I just picked up a 1991 Glock 19 from a client. Other than a thorough cleaning, is there anything else I need to know about the gun.


----------



## JeffWard (Aug 24, 2007)

T. Webb said:


> I just picked up a 1991 Glock 19 from a client. Other than a thorough cleaning, is there anything else I need to know about the gun.


Its a Glock... Clean, shoot, enjoy.

Jeff


----------



## DJ Niner (Oct 3, 2006)

T. Webb said:


> I just picked up a 1991 Glock 19 from a client. Other than a thorough cleaning, is there anything else I need to know about the gun.


There was an "upgrade" issued through the factory many years ago, but I don't remember what the cut-off year was for the older guns they wanted to upgrade. If you call Glock, I'm sure they can tell you if yours needs updating.

Disclaimer: I'm a huge fan of Glock 9mms; not so much the other calibers. I had a G19 from about that time frame, and I used it hard for about a decade before it got traded-in for a newer model 17. Never had any problems or complaints with it. None. And I shot it regularly (averaged maybe 2000-3000 rounds of full-power ammunition every year).

The G19 is often considered a perfect compromise between shootability and ease of carry. I think it (along with the same size .40 caliber G23) are the most common choice of the one-Glock gun owner.

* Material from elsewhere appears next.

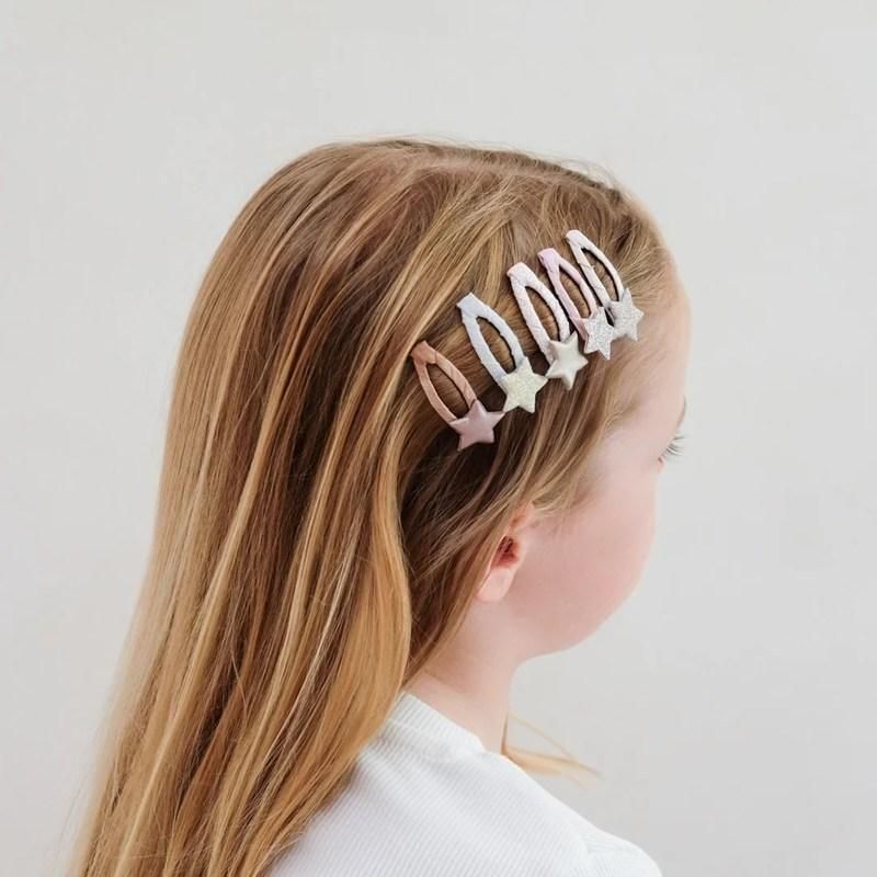 このグリッター付きの星形クリップは、きらきらと輝いて髪を華やかに彩ります。

If it only has the original magazines, I'd recommend getting some new ones. The mags have been greatly improved over the years, and although the old ones would work fine with many hollowpoint loads (assuming the springs are still in good shape), the newest ones will work better/best, as well as being more likely to drop-free of the gun when the mag release is pressed (old ones were actually designed to stay in the gun and be pulled-out manually). If the old ones are still working well, you can keep them for target work with RN/FMJ loads, but I'd employ newer mags for any serious uses.

The sights are often considered the weak point in the basic Glock design. An upgrade from the stock plastic sights to metal ones, even glow-in-the-dark 3-dot nights sights like many police departments use, is a popular and useful add-on. Glock can do this for a fee (and will inspect your weapon and replace any worn parts while it's at the factory, for free); call Glock's customer service number for more info. Most gunsmiths will replace Glock sights also, but the charge will certainly be higher (maybe 2x or 3x as much as the factory).

To disassemble a Glock, you first have to pull the trigger to dry-fire it (this takes the spring tension off the striker/firing pin). If the gun is not carefully checked and cleared of all ammunition before EVERY disassembly session, you will put a hole in something (or someone), eventually. Get in the habit of checking it every time you pick it up, and double-check it before disassembly. Get all the ammo and loaded magazines out of the area/room where you will be working on it. This is actually common sense for disassembling ANY weapon, but the Glock design makes it particularly unforgiving in this area.

Enjoy your new-to-you Glock!


----------